4) Build the neighborhood center buildings a few years early. Do this by relying on simple steel-frame boxes, skinning them in corrugated steel siding or similar. Use them as mini-storage until youre ready to start on the neighborhood. At that point, you can convert them as needed. Even if only a portion is re-skinned and built out, the entire neighborhood square will be enclosed. Units that began as simple steel boxes lend themselves more to being finished out as industrial lofts, which can be quite affordable.
BLOCK-SCALE IDEAS
1) Cottage courts can work in mid-block by using Katrina Cottages, as long as the end unit on either side is a Katrina Turning Cottage. This cottage can turn its broad side to face the street, giving the appearance that it is the same size as larger houses on the street. KC-DC (the Katrina Cottage installed near the District of Columbia see photo on next page) is currently the ideal Turning Cottage because it can expand in so many directions.
2) Katrina Condos can achieve a similar effect. The side of the end unit looks like a normal house facing the street on dense blocks where most housing is attached. Once you walk through the garden wall, however, you see a string of one- or two-story units facing one or two sides of a central court.
2) Build Katrina Carriage Cottages along side streets adjacent to the main street. Build them tight to the sidewalk. Later, when the main street becomes prosperous, the first-level garage, tucked under the carriage cottage, can be converted to commercial, making this a Katrina Live/Work.
3) Mews courts in mid-block can be very affordable and also quite cool.
4) If you have rambles (areas left natural) in the middle of blocks, consider scattering Katrina Cottages or carriage houses through the mews. The lot should be the size of the unit so that the ramble belongs to the entire block.
SCALE OF THE BUILDING
1) Build Katrina Cottages wherever you can. By build, I mean choose from the full range of delivery techniques: manufactured, modular, kit, panelized, and site-built. Select whichever one makes the most sense for your development.
2) Build Katrina Kernel Cottages. The KC-DC is the first of these. Because the cottage can grow so easily, a young family could see itself living in one when there are just two adults or when the children are very young; they could imagine adding a bedroom wing easily. So far, most Katrina Cottage designs havent sold in large numbers because they arent easily expandable and a family cant imagine living in something that small forever.

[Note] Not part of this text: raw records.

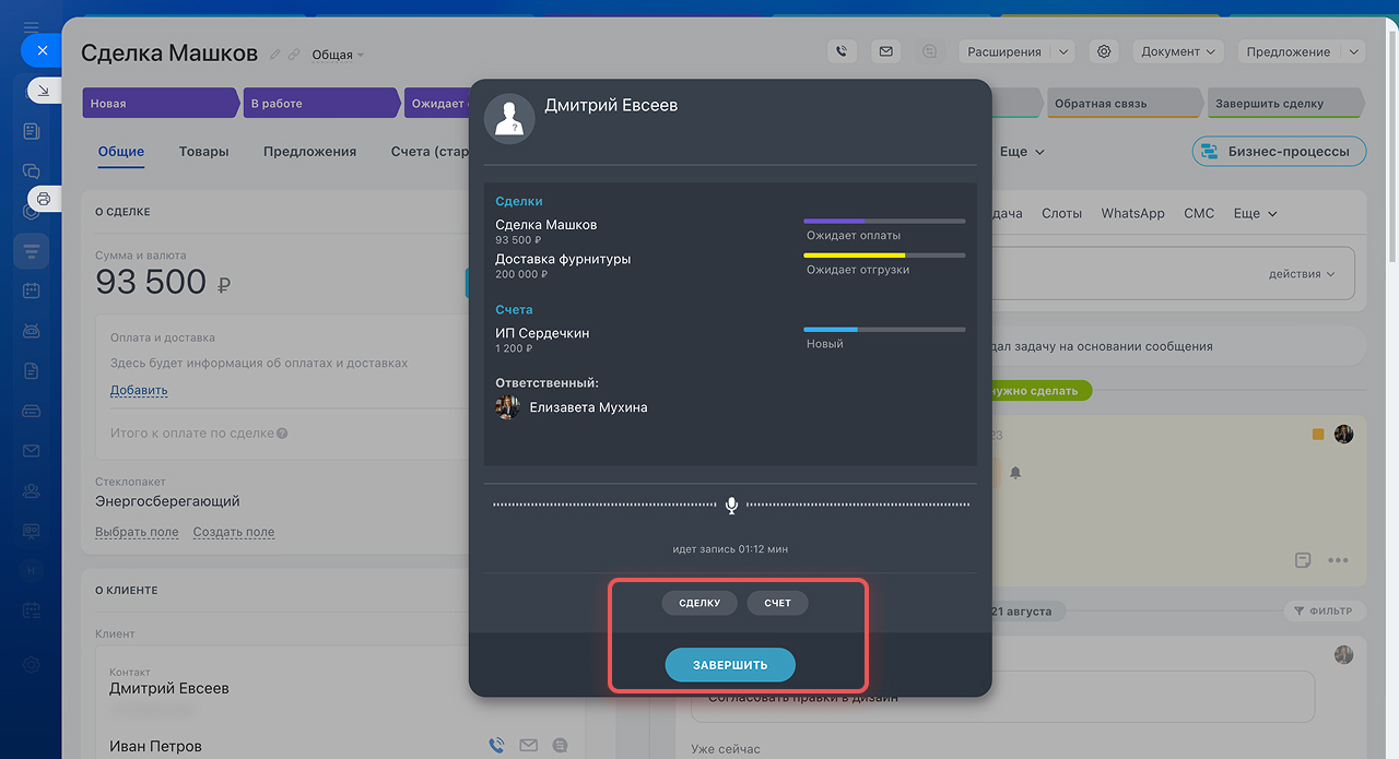 В окне трекера вы увидите таймер записи, сможете создать новую сделку или счёт.
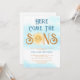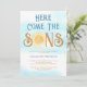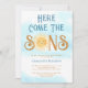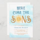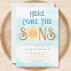 It features the text "Here Come The Sons" in retro typography with a cute yellow watercolor sun and blue sky background.
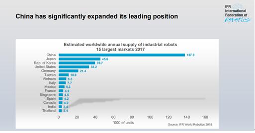 2017年,占據(jù)全球機(jī)器人市場份額73%的5個(gè)國家依次是中國、日本、韓國、美國、德國。其中,中國工業(yè)機(jī)器人的銷量達(dá)到137.9萬臺(tái),占據(jù)了世界供應(yīng)量的36%,進(jìn)一步鞏固了第一大市場的位置。2013年至2017年,中國已連續(xù)五年成為全球最大的工業(yè)機(jī)器人應(yīng)用市場。據(jù)預(yù)計(jì),到2020年我國機(jī)器人市場規(guī)模將進(jìn)一步擴(kuò)大到2000億元,工業(yè)機(jī)器人發(fā)展一片“火熱”景象。
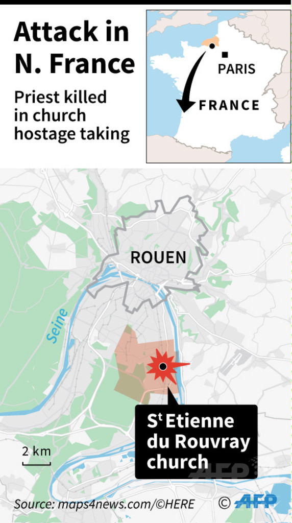 【7月26日 AFP】(更新、写真追加)フランス北部ルーアン(Rouen)近郊にある教会に26日、ナイフを持った2人組が押し入り、人質となった司祭1人が殺害された。また人質もう1人が重体だという。仏内務省は襲撃した2人を警察が殺害したと発表した。
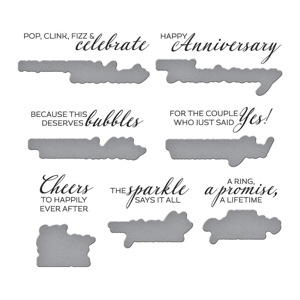 A Special Toast Sentiments BetterPress Plate & Die Set is part of the Happier Hour Collection. Press seven sentiments all at once on one press plate and die-cut the sentiments with its coordinating thin metal cutting die. A time saving set to get you started with seven sentiments. Full of playful sentiments for swanky celebrations, this set pairs well with S5-720 A Special Toast Die Set. Ink the plates with the BetterPress Ink to be pressed against the BetterPress Cotton Card Panel and Sheets for a crisp letterpress design. Only four easy steps for professional results!
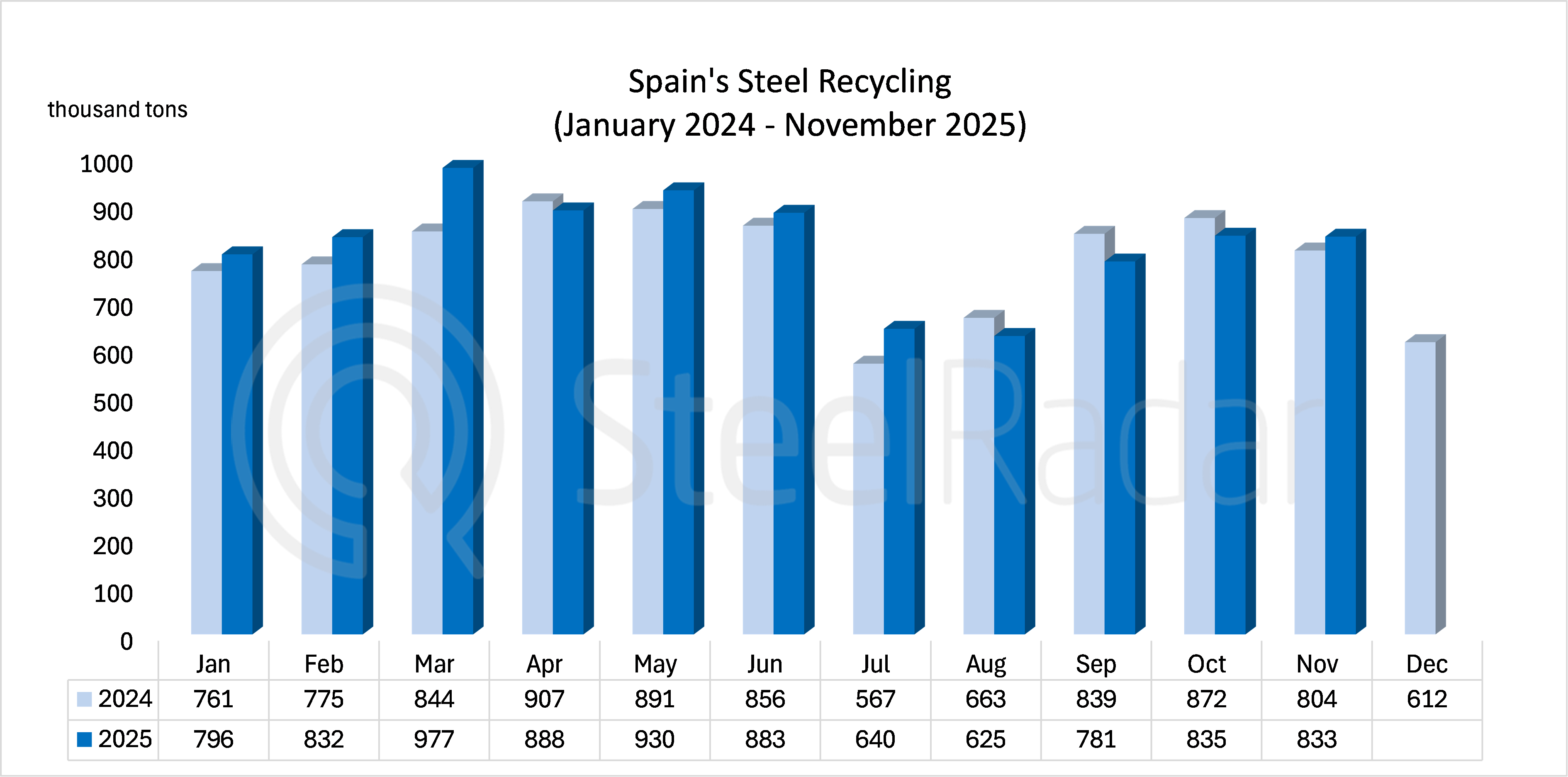 Meanwhile, scrap recycling recorded a year-on-year increase in November. Scrap recovery in Spain rose by 4% compared to the same month last year, reaching 833 thousand tons. However, this figure indicated a slight decline compared to October, when scrap recycling amounted to 835 thousand tons.
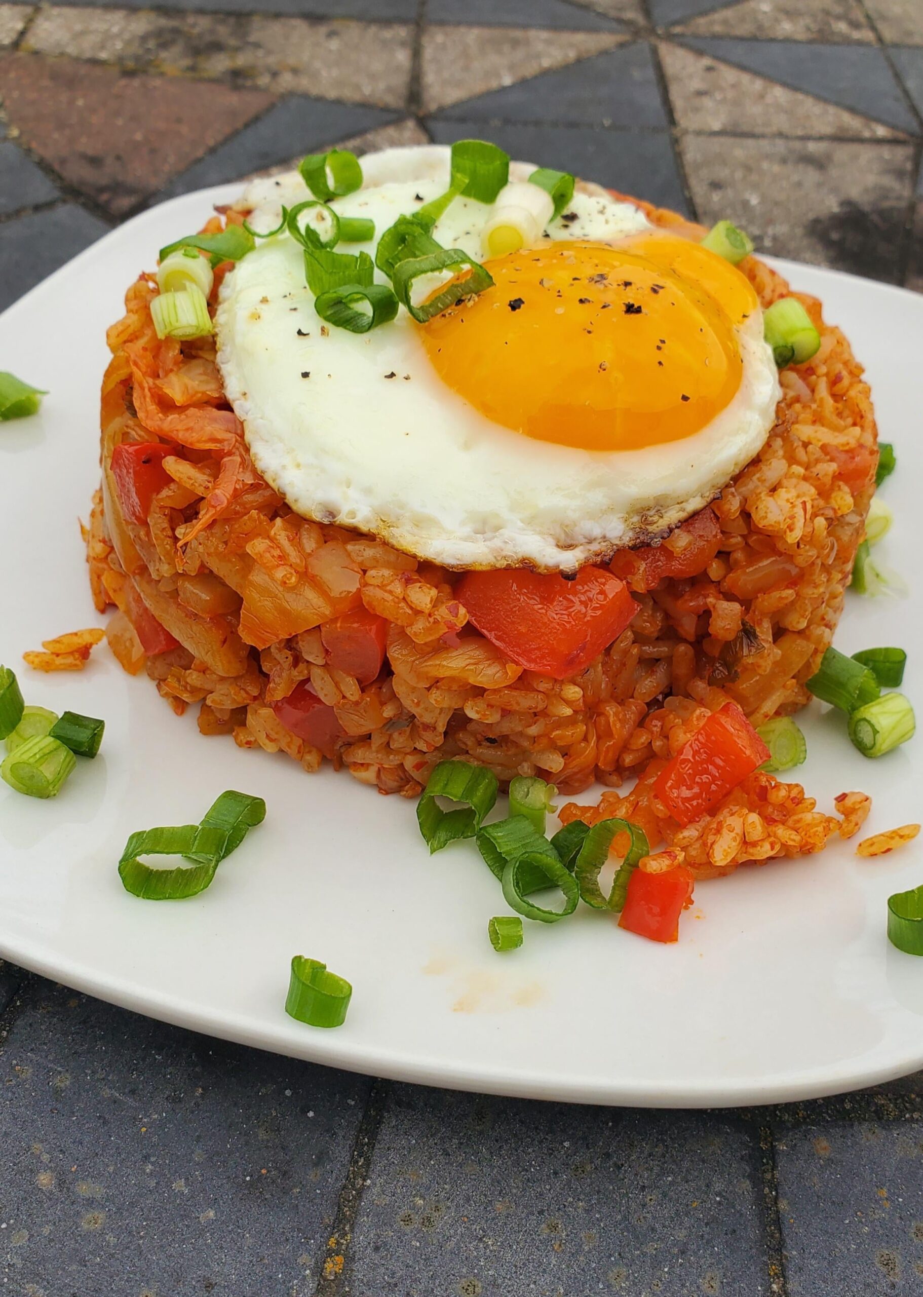 I’ve finally near the end of finishing a jar of kimchi so this was a no brainer. Kimchi fried rice topped with fried egg.
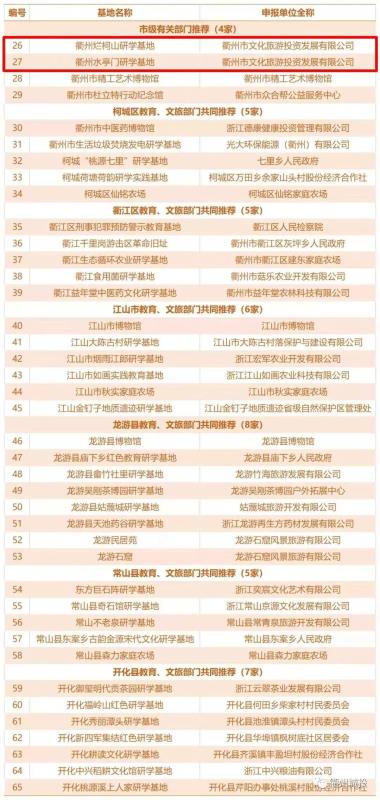 衢州中小學(xué)生研學(xué)實踐教育基地名單
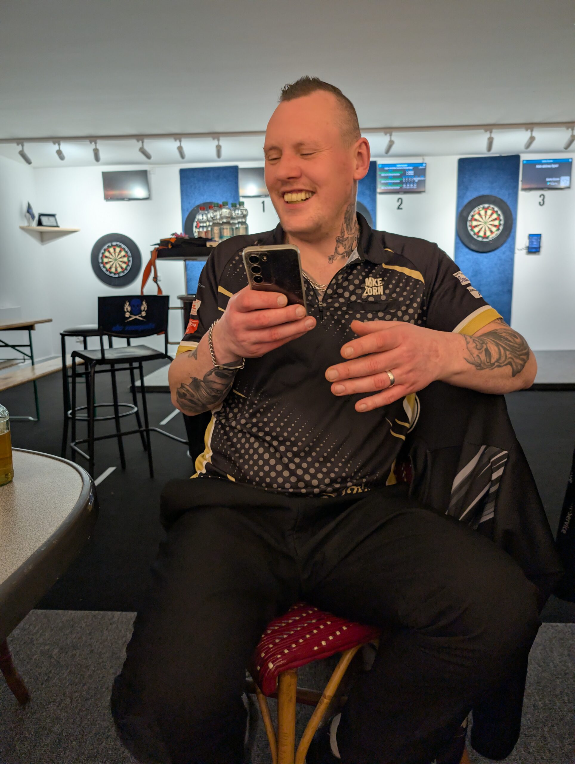 Mike am Chillen nach seinem Sieg im Einzel
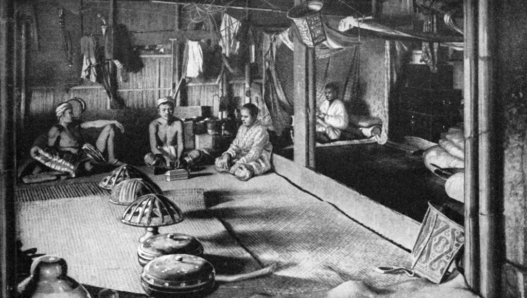 A Kalimantan native long house, Borneo, 1922. Illustration from Peoples of All Nations, Their Life Today and the Story of Their Past, volume II, British Empire to Dahomey, edited by J A Hammerton, (Educational Book Co, London, 1922).
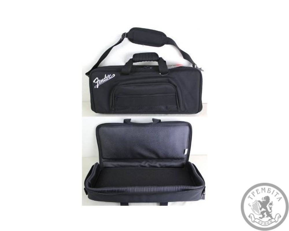 Основні особливості і переваги чохла FENDER PEDAL BOARD BAG: Професійний стиль і особливості обробки чохла від передового виробника аксесуарів для музичного обладнання, компанії Fender (США). Загальні габаритні розміри чохла складають 500 мм х 200 мм х 80 мм, що дає можливість комфортного розміщення гітарних педалей, педалборда або процесора ефектів. Якісне водовідштовхувальне покриття для транспортування ефектів в будь-яку погоду без побоювання намочити або зіпсувати при падінні. Транспортування може здійснюватися за ручки на бічній поверхні чохла або за допомогою синтетичного ременя для носіння на плечі. Класичний стиль і строгий чорний колір з великим фірмовим логотипом Fender на зовнішній поверхні чохла. Для транспортування додаткових аксесуарів зовні передбачено кілька великих, непромокальних кишень на блискавці. Високоякісні компоненти внутрішньої і зовнішньої обробки. Товщина внутрішньої, м'якою обробки (поролон, піна, штучний войлок) становить 20 міліметрів. Утеплене внутрішнє покриття дає можливість транспортування педалей навіть в мінусові температурні показники. Чохол ідеально підходить для більшості гітарних і бас-гітарних педалей, процесорів ефектів і рекових пристроїв. Комплект поставки включать в себе один чохол, набір аксесуарів і коротку інструкцію експлуатації. Матеріал чохла: поліестер / нейлон (синтетичний матеріал), обробка внутрішньої частини: штучний войлок / нейлон (синтетика).
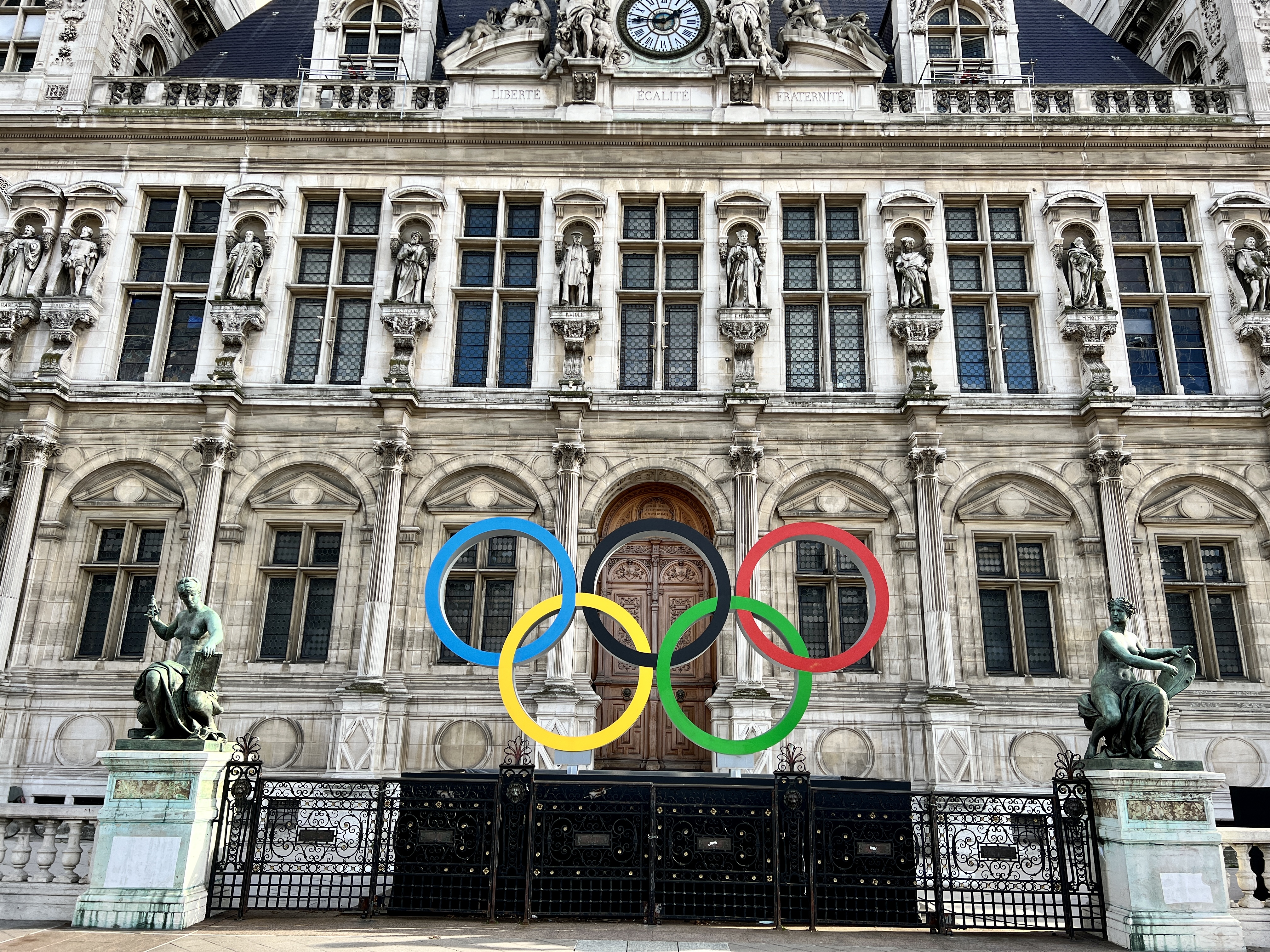 파리 시청사 앞에는 오륜기도 설치 되어 있어서, 2년 밖에 남지 않은 올림픽에 대한 기대감을

3) If you really want to go all out on the Kernel Cottage ideal (build very small and expand later), do something like the Wet Appliance that was proposed at the Kingston charrette. A Wet Appliance is a roughly 8-foot-by- 8-foot concrete box that includes the basic plumbed necessities of life a bathroom inside the box, and a countertop with sink outside. Attached to a water and drain line, this can form the core of a house that a family can build around.
4) Produce seriously passive solar buildings. Passive measures cost little if anything, and can significantly reduce utility costs.
5) Build Katrina Condos. These are a combination of manufactured modules and mansion condos. While working recently with Urban Design Associates on a project in the New Orleans area, I realized that there are close to 20 types and subtypes of New Orleans houses that could be modularized at up to 10 units or more per building, yet which would look exactly like the mansions. This works if you keep the units simple enough. Theyre composed of modular units that are shipped to the site complete, stacked up, and then roofed/skinned as necessary.